The manuscript contains many valuable analyses, but the central take-home messages are sometimes diluted by the volume of material. Early in the Introduction (end of Section 1), explicitly state 3–4 core hypotheses or questions can be helpful. For example: To what extent are CO2 and CH4 mismatches dominated by transport vs. flux errors? Does kilometer-scale resolution meaningfully improve GHG simulations in Amazonia under convective conditions?
A recurring theme is that meteorological biases dominate tracer errors, particularly for CH4. While this is plausible and supported by evidence, the attribution is sometimes qualitative. Where possible, quantify transport sensitivity more explicitly, for example by showing tracer simulations with identical fluxes but different wind/PBL configurations (even if only briefly in the Supplement), or by explicitly stating how much of the CH4 bias at ATTO can be explained by wind-direction errors during key events.

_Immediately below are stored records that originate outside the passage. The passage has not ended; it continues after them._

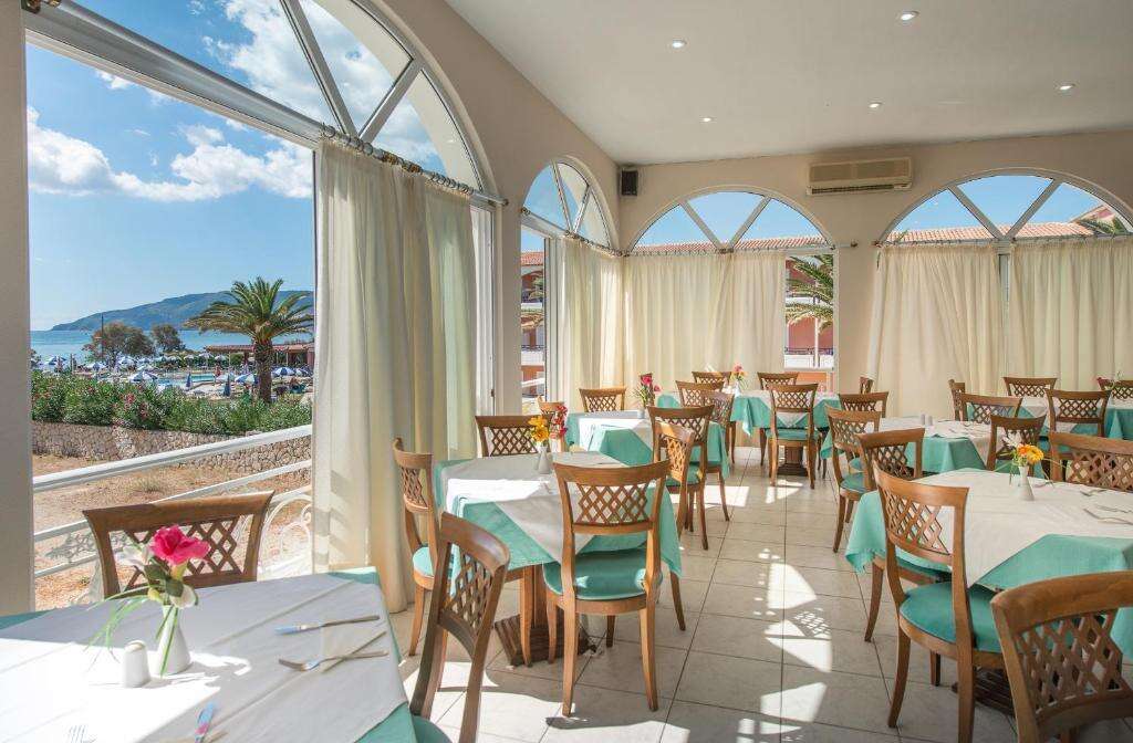 A kedvelt Laganas üdülőhely központi részén, közvetlenül a széles, finomhomokos tengerparton fekszik. A hosszú, lassan mélyülő partszakasz miatt különösen népszerű családok körében is. A főutca, éttermek, bárok, üzletek és szórakozási lehetőségek mind könnyű sétatávolságra találhatók. A repülőtér kb. 7 km-re, Zakynthos város kb. 9 km-re helyezkedik el.
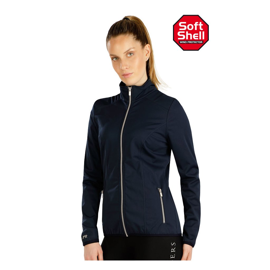 Dámská softshellová bunda v jednoduchém designu. Se stojákem. Zapínání a kapsy na stříbrný zip. Pohodlný materiál je měkký, prodyšný, neprofoukne a odpuzuje vodu. Perfektně padnoucí střih. 100% Polyester + TPU- membrána (18000/12000) 514 tmavě modrá S, M, L, XLDoplňkové parametry
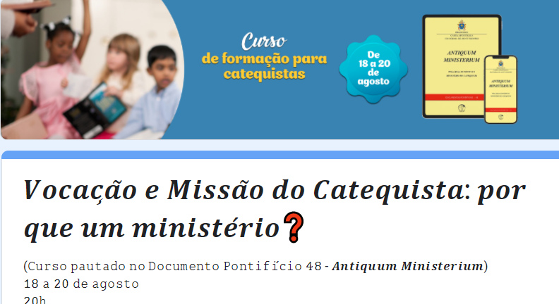Destaque, Notícias Diocesanas Curso para Catequista: Vocação e Missão do Catequista: Por que um ministério Leia Mais Whatsapp Facebook-f Pinterest Twitter Destaque, Notícias Diocesanas Curso para Catequista: Vocação e Missão do Catequista: Por que um ministério Leia Mais Whatsapp Facebook-f Pinterest Twitter
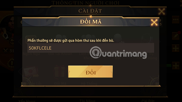 Bước 5: Tiến hành nhập code game vào ô trống sau đó nhấn Đổi.
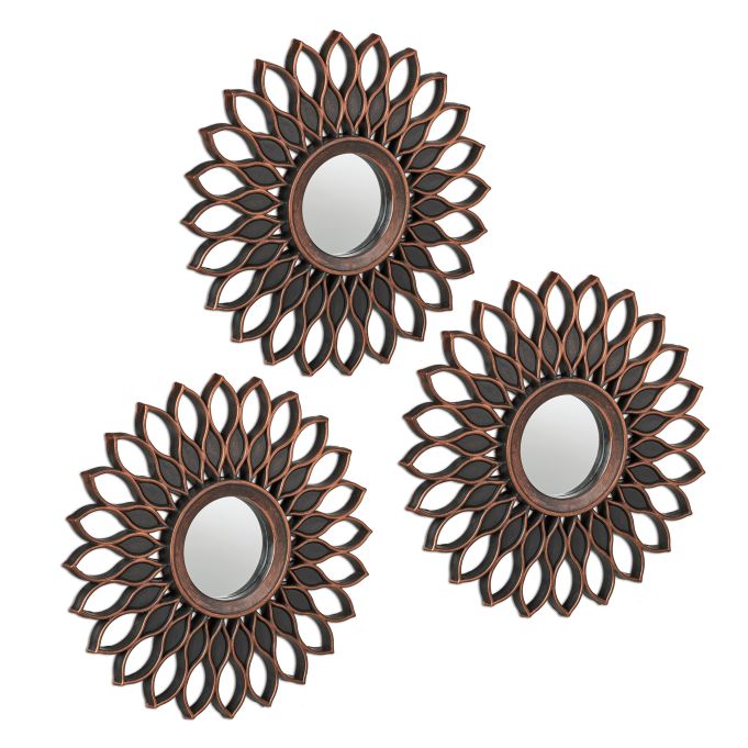 Rinkinys iš 3 Pakabinamų Veidrodžių 24x2cm, Vario/Juodos Spalvos
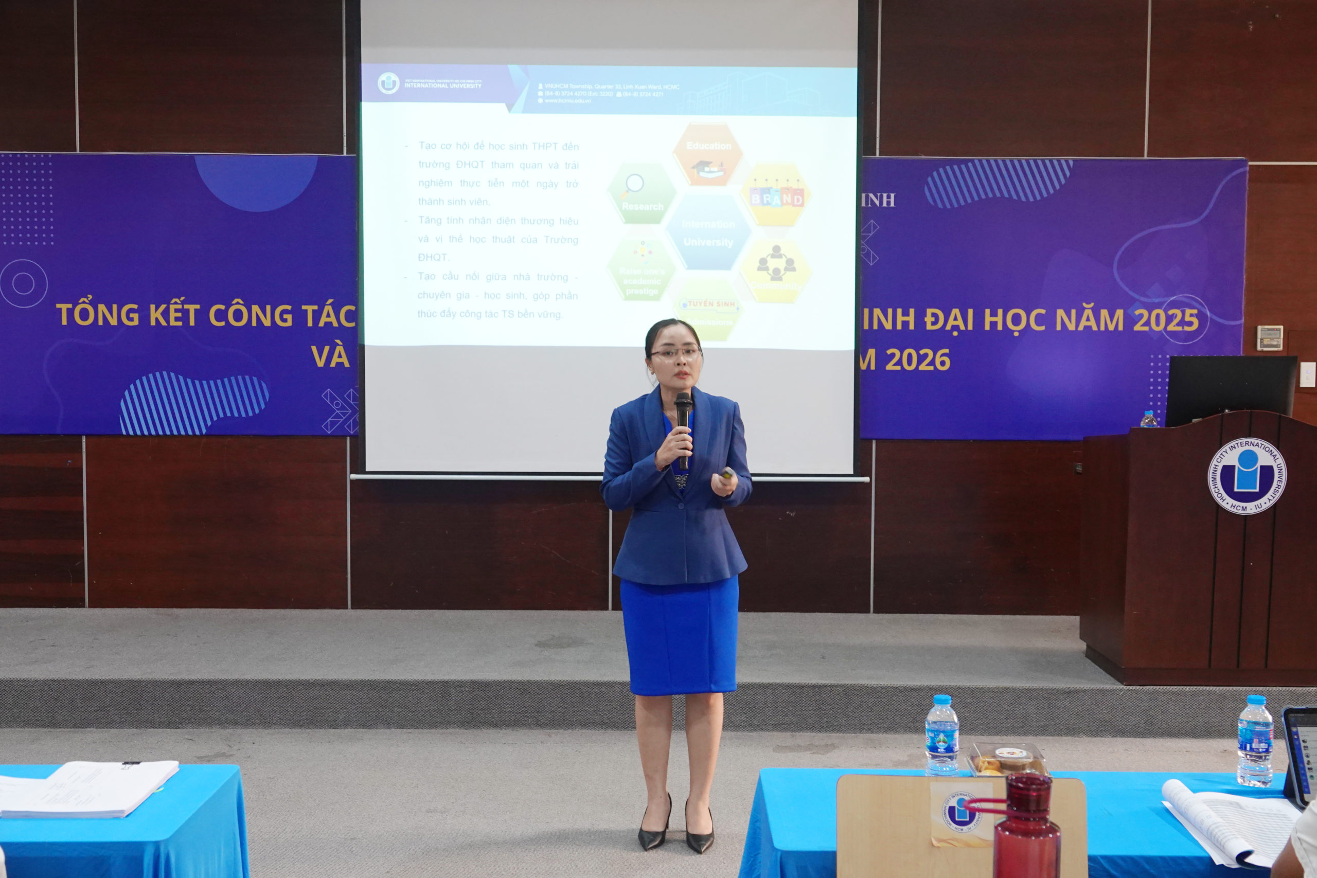 Kết quả mà toàn thể nhà trường đạt được trong một năm qua với nhiều dấu mốc quan trọng. Trường tổ chức được 20 chương trình trải nghiệm với hơn 3000 học sinh tham dự (như IU Summer Camp, các chương trình Public Talk…) và đây cũng là những chương trình luôn để lại cho những em học sinh đến thăm trường ĐHQT có nhiều ấn sâu sắc về đời sống sinh viên và chương trình giảng dạy, giúp các bạn học sinh lựa chọn trở thành những tân sinh viên của trường ĐHQT. Báo cáo cũng nhấn mạnh sự thành công của nhà trường trong sự năng động hướng nghiệp – tư vấn xét tuyển đại học năm 2025 với gần 400 chương trình tư vấn hướng nghiệp, tuyển sinh của nhà trường và gần 200 chương trình tư vấn tuyển sinh trực tuyến. Kết quả mà nhà trường đạt được trong năm nay thể hiện được tinh thần đoàn kết của toàn thể viên chức, nhân viên nhà trường trong công tác hướng nghiệp, tư vấn tuyển sinh”, ThS. Nguyễn Thị Việt Tú chia sẻ.
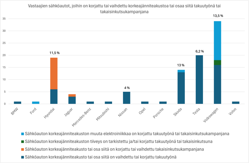 Volkswagenin ja Skodan akkuja näyttää korjatun tai vaihdetun takuuseen tai takaisinkutsukampanjoissa lukumääräisesti eniten, kuten myös suhteessa vastaajien automerkkien jakaumaan. (kaaviossa alla prosentit viiden merkin palkin yläpuolella: korkeajänniteakkujen vaihtojen tai korjausten suhteellinen osuus ko automerkin määrästä vastauksissa)
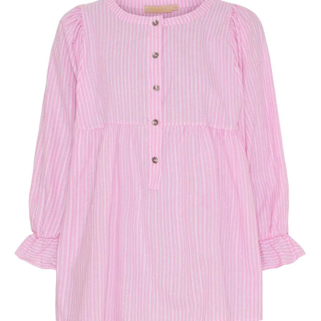Super smuk stribet bluse med flæsedetaljer fra Marta Du Château. Blusen har fine knapdetaljer og kan både styles til hverdag og finere brug. Til hverdag, style den med jeans og sneakers. Til fest, style den med en nederdel og ballerinaer.
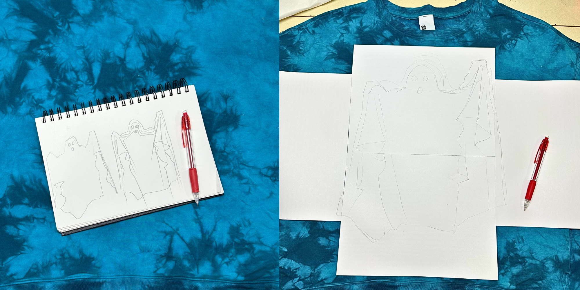 I wanted something a little more sporty and modern than the classic sweater so I grabbed this super soft crew neck sweatshirt from Target. I began by sketching the ghost, taking inspiration from photos and a sheet I tossed on my mannequin. Once I was happy with the look of him, I redrew him to scale on printer paper.
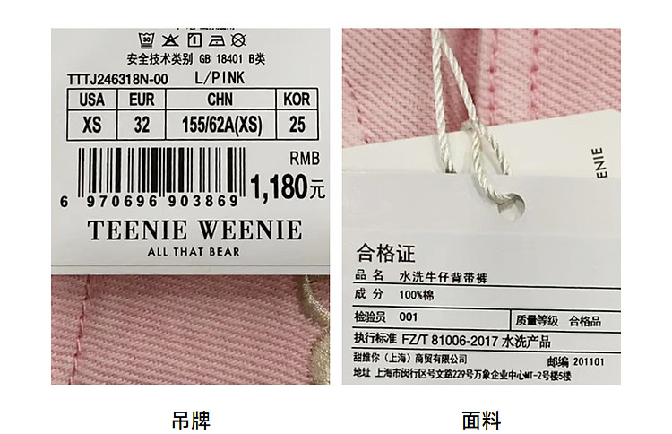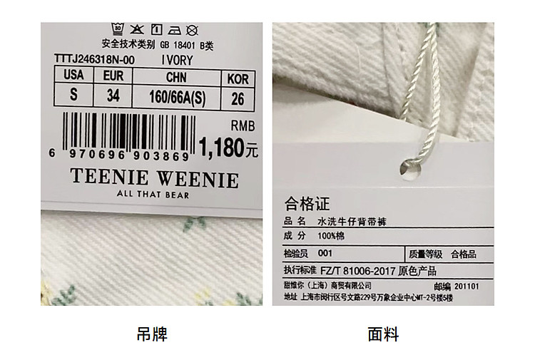 商品名称:小熊女装多巴胺牛仔背带裤宽松阔腿长裤 851969
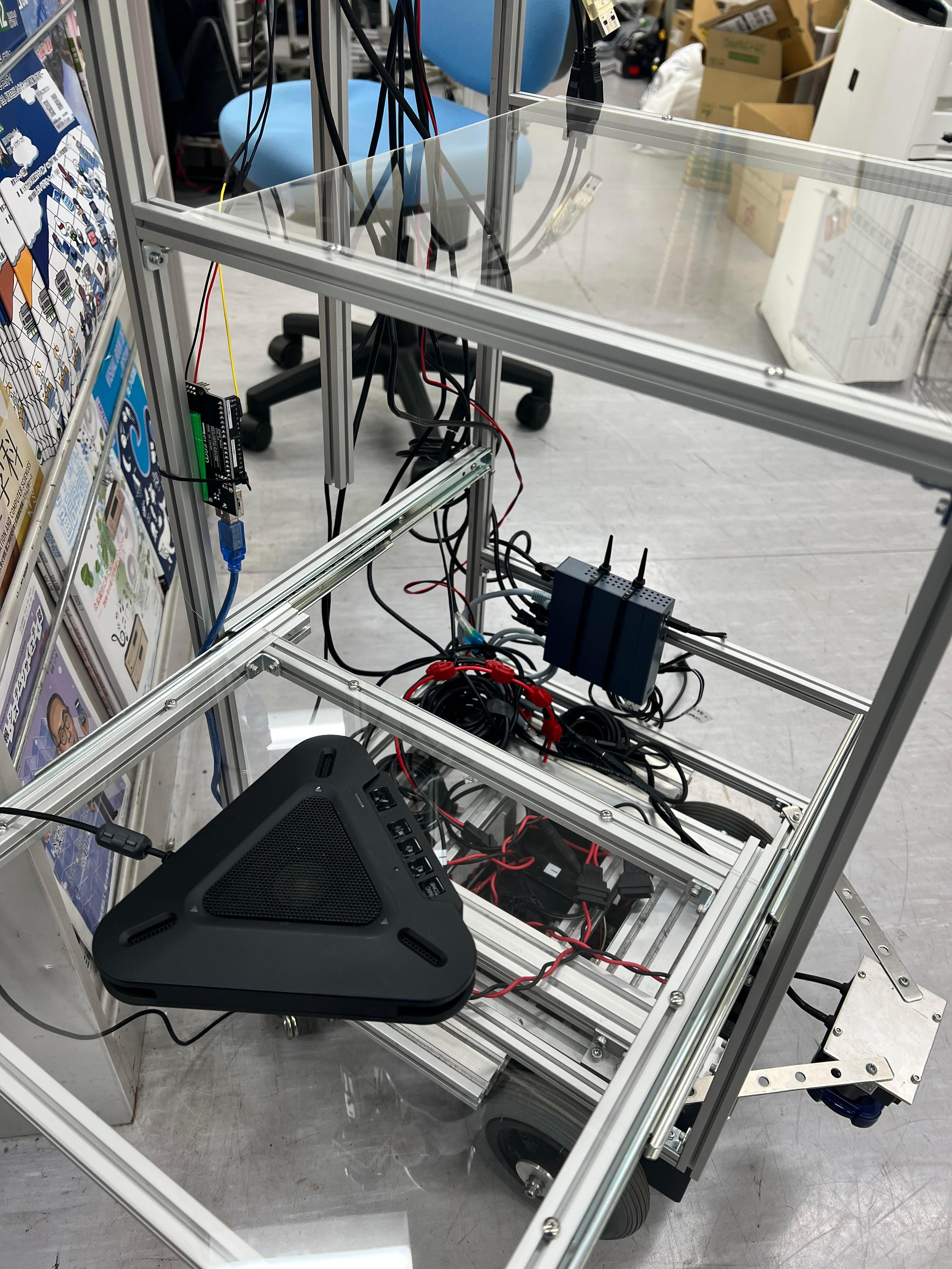 アルミフレームで機器の置台を作成したのですが、その際に棚板としてアクリル板を使わせて頂きました。一瞬、棚板が無いと思うほど透明度が高くてきれいです。

The manuscript notes that the observed CH4 signal at ATTO shows minimal diurnal variability, while simulations show a pronounced cycle driven by PBL dynamics. However, the discussion sometimes implies that this is primarily a model failure. Is it possible that this can be a combination of alternative factors, such as weak local sources, tall tower sampling above canopy, and persistent regional background dominance?
Line 111: “trace gases”
Line 134: “initial conditions”
Line 262: “gases”
Line 449: “This does not mean”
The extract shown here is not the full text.